The other interesting thing about the Bach Flowers is that Bach grouped them into seven categories as follows:


The Attitude
The Remedy
1. For fear Aspen, Cherry Plum, Mimulus*, Red Chestnut, Rock Rose*
2. For Uncertainty Cerato*, Gentian*, Gorse, Hornbeam, Scleranthus*, Wild Oat
3. For Insufficient Interest in Present Circumstances Chestnut Bud, Clematis*, Honeysuckle, Mustard, Olive, White Chestnut, Wild Rose
4. For Loneliness Heather, Impatiens*, Water Violet*
5. For Those Over-sensitive to Influence and Ideas Agrimony*, Centaury*, Holly, Walnut
6. For Despondency or Despair Crab Aple, Elm, Larch, Oak, Pine, Star of Bethlehem. Sweet Chestnut, Willow
7. For Over-care for Welfare of Others Beech, Chicory*, Rock water, Vervain*, Vine

* The original Twelve Healers are indicated by asterisks.

Just as an example, you can see that there are five different remedies for fear, and part of the art of prescribing the Bach Flowers involves distinguishing between the different types of fear or depression or whatever, and of course recognising which type of fear or depression you or your client is suffering from.

So with the FEAR example, Aspen is for vague fears of unknown or unconscious origin; Cherry Plum is for fear of losing control; Mimulus is for known fears such as fear of failing an exam; Red Chestnut is for those who are fearful for their loved ones and Rock Rose is for extreme terror. This system of classification is very useful, but it's not all inclusive.
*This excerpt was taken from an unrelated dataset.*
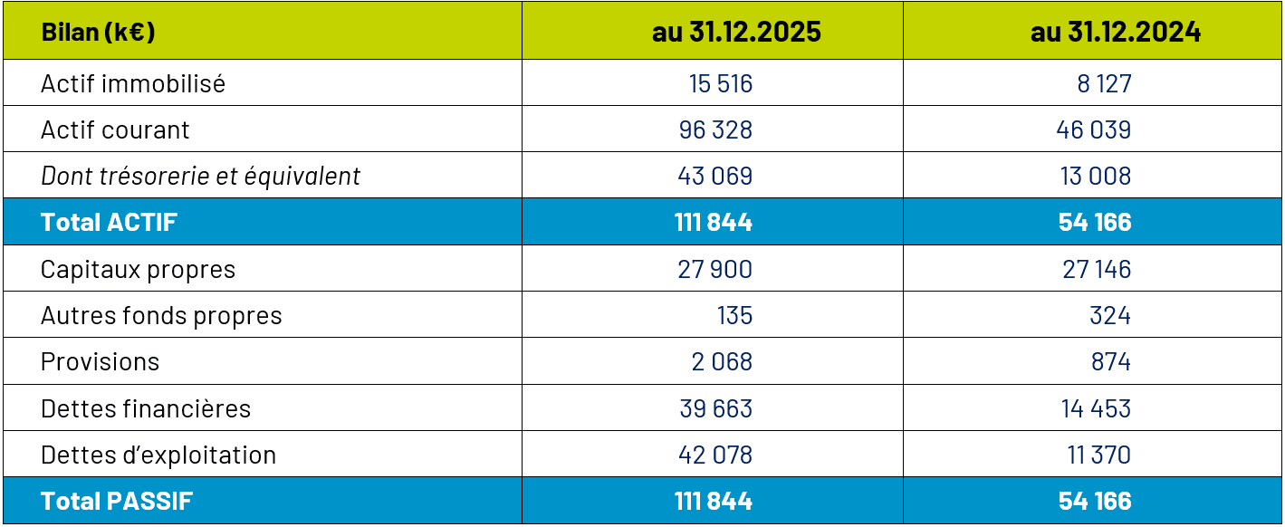 Le poste Disponibilités et VMP est en progression de 30 061 k€ du fait, d’une part, d’encaissements importants en fin de période et, d’autre part, de l’augmentation de la ligne de RCF d’Entech en décembre. Les dettes financières augmentent de 25 210 k€. Cette hausse de l’endettement financier est liée, d’une part, à l’émission d’un emprunt obligataire de 15 000 k€ pour amorcer le financement de notre filiale Entech Energy & Services, et, d’autre part, la hausse de notre RCF dans le cadre du renouvellement de la syndication bancaire d’Entech qui se traduit par une position de 20 000 k€ au 31 décembre 2025 contre 11 000 k€ au 31 décembre 2024.

For example, there are two types of DEPRESSION which are very important, but haven't been grouped under the heading Despondency or Despair. These are Gentian which is classified under Uncertainty and is indicated for a reactive depression suffered after a setback, and Mustard, which is classified under Lack of Interest in the Present, and is for the deep endogenous type of depression, that feels like a black cloud and descends suddenly for no apparent reason, but lifts just as suddenly.


So, it's important to become very familiar with the individual meanings of all the 38 Bach Flowers, as well as be aware of the individual categories that they are grouped under.